→ Source material

..............................

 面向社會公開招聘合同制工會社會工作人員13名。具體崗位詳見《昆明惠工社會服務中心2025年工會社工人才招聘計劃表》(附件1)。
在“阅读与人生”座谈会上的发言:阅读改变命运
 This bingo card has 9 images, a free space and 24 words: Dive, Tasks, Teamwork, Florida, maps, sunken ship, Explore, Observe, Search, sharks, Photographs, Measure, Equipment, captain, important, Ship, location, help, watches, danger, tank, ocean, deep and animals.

..............................

→ Work to complete
Retype all of the material, keeping each line exact.

→ Solved problem
 面向社會公開招聘合同制工會社會工作人員13名。具體崗位詳見《昆明惠工社會服務中心2025年工會社工人才招聘計劃表》(附件1)。
在“阅读与人生”座谈会上的发言:阅读改变命运
 This bingo card has 9 images, a free space and 24 words: Dive, Tasks, Teamwork, Florida, maps, sunken ship, Explore, Observe, Search, sharks, Photographs, Measure, Equipment, captain, important, Ship, location, help, watches, danger, tank, ocean, deep and animals.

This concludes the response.